The commission’s delay on VanEck’s application to May 23 opened the proposal to public comment.

SEC pushes deadline on VanEck spot Ether ETF application

The United States Securities and Exchange Commission (SEC) has postponed a potential decision of an application for a spot Ether (ETH) exchange-traded fund (ETF) from asset manager VanEck.

In a March 20 notice, the SEC said it had extended the time period on approval or disapproval for the Cboe BZX Exchange to list and trade shares of the VanEck Ethereum ETF. The commission will have until May 23 for its final decision on the investment vehicle.

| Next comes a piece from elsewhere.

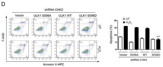 To test the role of CHK2-mediated phosphorylation of ULK1 in cell fate determination under stress conditions, we examined the effects of ULK1 WT, S556A, or S556D mutants on apoptosis, with or without CHK2 in the H1299 and HEK293 cell lines, in response to metabolic and oxidative stresses. The WT and S556D mutant reduced the number of cells undergoing apoptosis compared to the control, while the S556A mutant had no effect in response to metabolic and oxidative stress (Figure 4A,C, Supplementary Figure S2A,C). In addition, compared with CHK2-expressing cells, we found that apoptosis under stress was increased in CHK2-knockdown cells, even after expressing ULK1 WT (Figure 4B,D, Supplementary Figure S2B,D).

“The Commission finds that it is appropriate to designate a longer period within which to issue an order approving or disapproving the proposed rule change so that it has sufficient time to consider the proposed rule change,” said the SEC.

The announcement followed the SEC pushing deadlines to approve spot Ether ETFs from Hashdex and ARK 21Shares. Bloomberg ETF analyst James Seyffart speculated that the current round of Ether ETF applications with May 2024 deadlines would “ultimately be denied.”

Source: James Seyffart

Reports have suggested that the SEC is investigating firms for alleged ties to the Ethereum Foundation as part of efforts to classify Ether as a security. It’s unclear what this investigation could mean for ETH ETF approvals. 

Related: Ether ETFs may be delayed, as institutions are unprepared — Web3 exec

The commission began approving investment vehicles tied to Ether futures in October 2023, hinting at the acceptance of the crypto asset as a commodity. The SEC’s delay on VanEck’s application also opened the proposal to public comment.

Jan. 10 marked the first time the SEC began allowing U.S. exchanges to list and trade shares of spot Bitcoin (BTC) ETFs, with the majority of commissioners approving the rule changes. Two U.S. Senators, Jack Reed and Laphonza Butler, have called on SEC Chair Gary Gensler to reject Ether ETF applications, claiming that doing so would present “enormous risks” for retail investors.